For dense graphs, it makes sense to use an adjacency matrix directly in numarray, I should think. (I haven't implemented many graph algorithms with ufuncs yet, but it seems doable...) For sparse graphs I guess some sort of sparse array implementation would be useful, although the archives indicate that creating such a thing isn't a core part of the numarray project.
First of all, it may make sense, but I should say a few words about what scale sizes make sense. Currently numarray is implemented mostly in Python (excepting the very low level, very simple C functions that do the computational and indexing loops. This means it currently has a pretty sizable overhead to set up an array operation (I'm guessing an order of magnitude slower than Numeric). Once set up, it generally is pretty fast. So it is pretty good for very large data sets. Very lousy for very small ones. We haven't measured efficiency lately (we are deferring optimization until we have all the major functionality present first), but I wouldn't be at all surprised to find that the set up time can be equal to the time to actually process ~10,000-20,000 elements (i.e., the time spent per element for a 10K array is roughly half that for much larger arrays. So if you are working with much smaller arrays than 10K, you won't see total execution time decrease much (it was already spending half its time in setup, which doesn't change). We would like to reduce this size threshhold in the future, either by optimizing the Python code, or moving some of it into C. This optimization wouldn't be for at least a couple more months; we have more urgent features to deal with.
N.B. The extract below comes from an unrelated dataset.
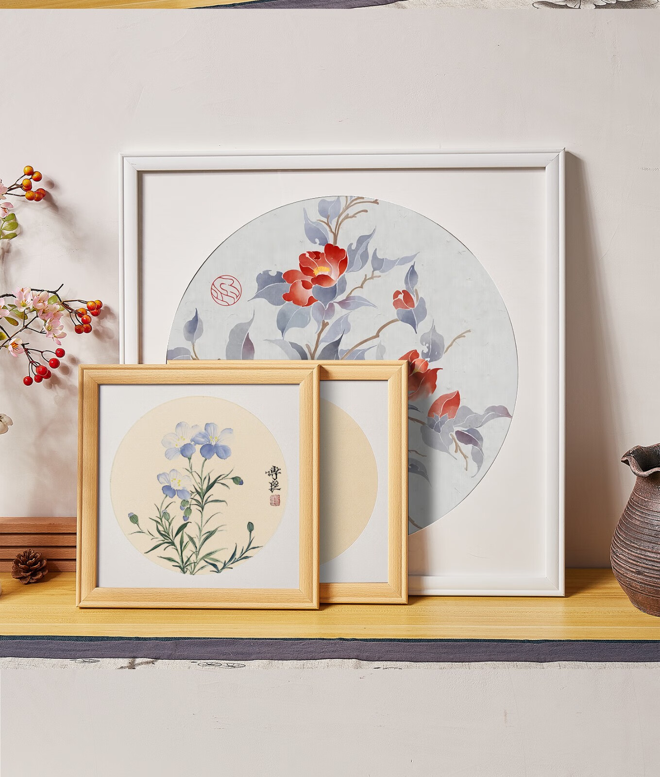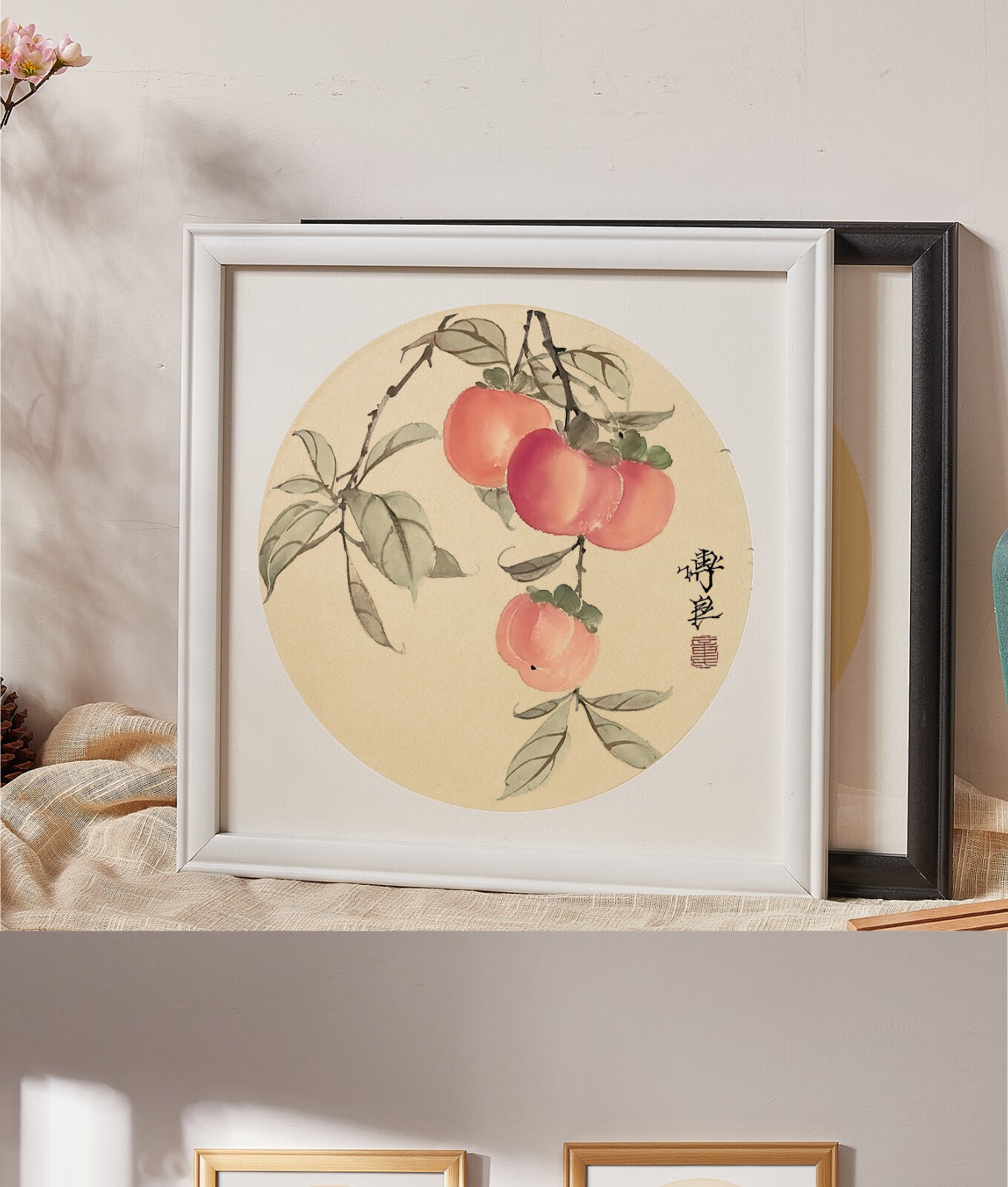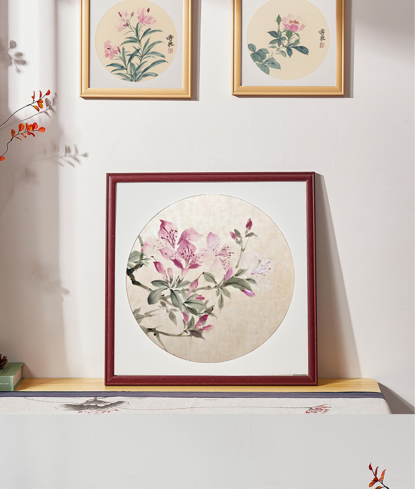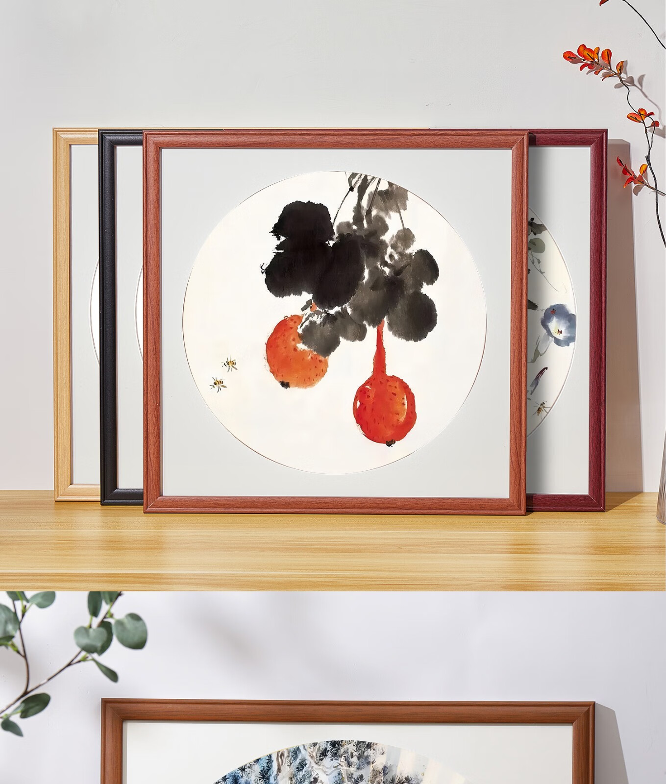Peitongqing Chinese picture frame mounted photo frame wall hanging 38 Chinese calligraphy calligraphy cross stitch diamond square 50 custom frame wood color (photo frame + cardboard) can be placed 38*38cm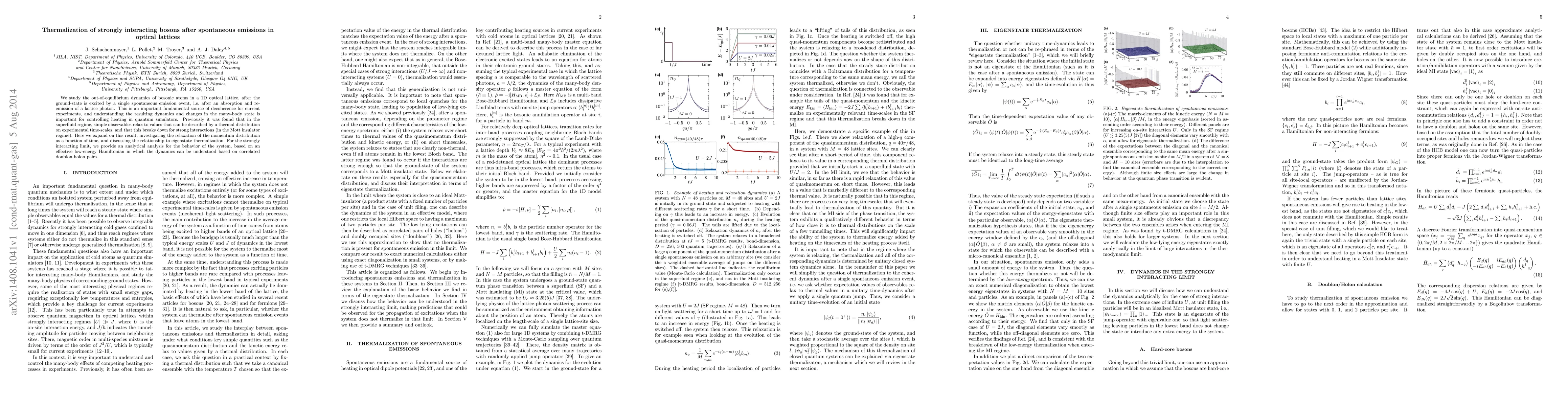 This paper investigates the thermalization dynamics of strongly interacting bosons in a 1D optical lattice following a spontaneous emission event, revealing that while simple observables relax to thermal distributions, strong interactions disrupt this behavior. An analytical model based on correlated doublon-holon pairs explains the system's dynamics in the strongly interacting regime.

I doubt that we will ever surpass the current Numeric in its performance on small arrays (though who knows, perhaps we can come close).
What do you think -- is it reasonable to use numarray for graph algorithms? Perhaps an additional module with standard graph algorithms would be interesting? (I'm sure I could contribute some if there is any interest...)
Before I go further, I need to find out if the preceeding has made you gasp in horror or if the timescale is too slow for you to accept. (This particular issue also makes me wonder if numarray would ever be a suitable substitute for the existing array module). What size graphs are you most concerned about as far as speed goes?
And -- is there any chance of getting sparse matrices in numarray?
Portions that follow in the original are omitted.